Central cities' budgets
on the rise
The budgets of Cleveland, Detroit, Philadelphia, New York, St. Louis, and other large central cities have not been shrinking; they have been rapidly expanding for decades. In constant 1990 dollars, local governments spent, on average, $435 per resident in 1950, $571 in 1965, and $1,004 in 1990. The largest cities saw an even faster budget rise. In real dollars, New York's budget nearly tripled from 13,000,000,000 in 1965 to $37,000,000,000 in 1990. Philadelphia, another nearly bankrupt city, allowed its budget to rise by 125% between 1965 and 1990 - from $1,600,000,000 to $3,500,000,000. During the same time period, the city lost 20% of its population. In short, 25 years of doubling and even tripling city budgets have not prevented urban bleeding.
Not all U.S. cities are in decline. Among the nation's largest urban areas, there are dozens - many on the West Coast, in the Sunbelt, and in the Southeast - that have been booming financially and economically for at least the past 20 years. Las Vegas, Nev.; Phoenix, Ariz.; Arlington and Austin, Tex.; Sacramento and San Diego, Calif.; Raleigh and Charlotte, N.C.; and Jacksonville, Fla., all have rapidly rising incomes, populations, and employment and low poverty and crime rates.
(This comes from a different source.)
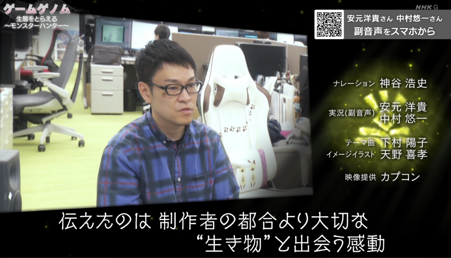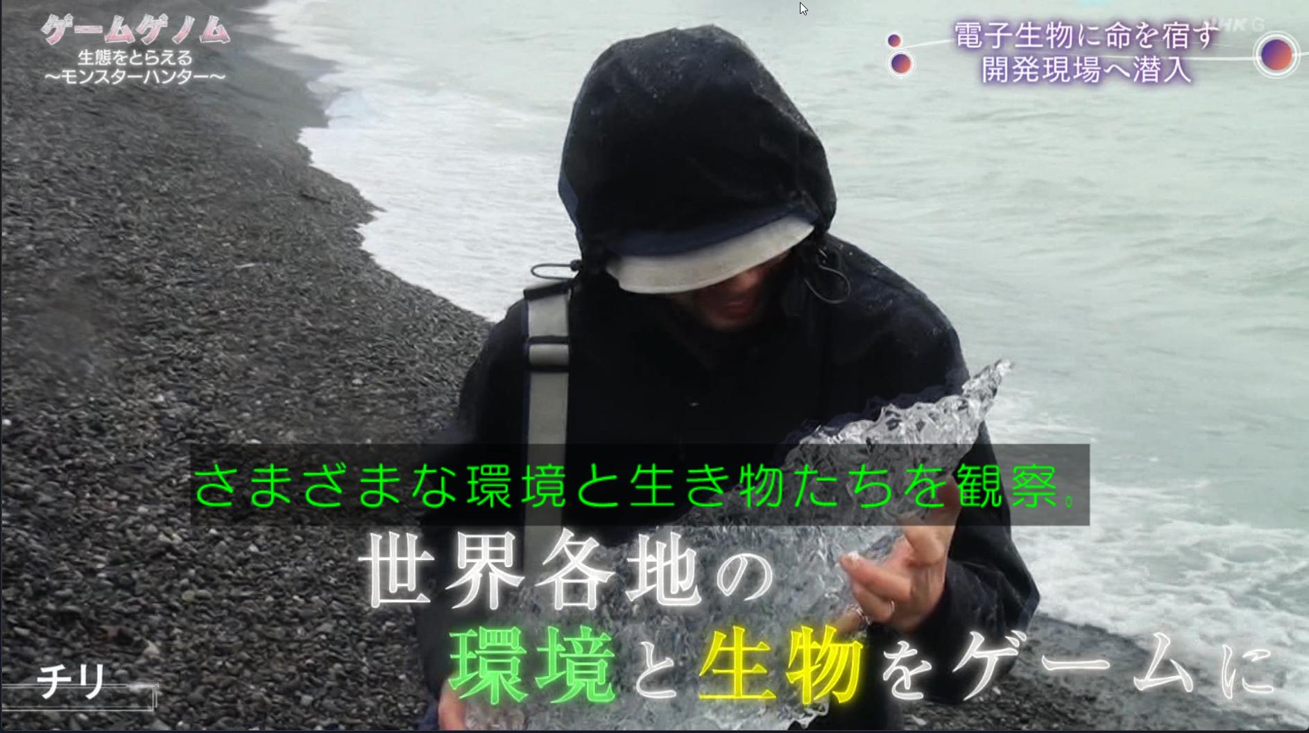 巨大なモンスターと対峙しハンティングに挑む独自の世界観が多くのプレイヤーを魅了する。特徴は作り込まれたモンスターの“生態”だ。生息地や食べ物に留まらず、擬態したり死んだふりをするなど動物さながらの行動がリアルに描かれる。生態を読み解くことが、狩猟成功の鍵となるのだ。今回の見どころは、特別に許されたゲーム開発現場への取材。電子生物であるモンスターに命を吹き込む工夫やこだわりの数々に密着取材で迫る。

What do growth cities - Phoenix, Raleigh, and San Diego, for example - do differently from shrinking cities such as Buffalo, Cleveland, and Detroit? The answer is found, at least partially, in their fiscal policies. Bureau of the Census finance data from 1965, 1980, and 1990 for the 76 largest cities reveal significant and consistent patterns of higher spending and taxes in the low-growth cities than in the high-growth ones. …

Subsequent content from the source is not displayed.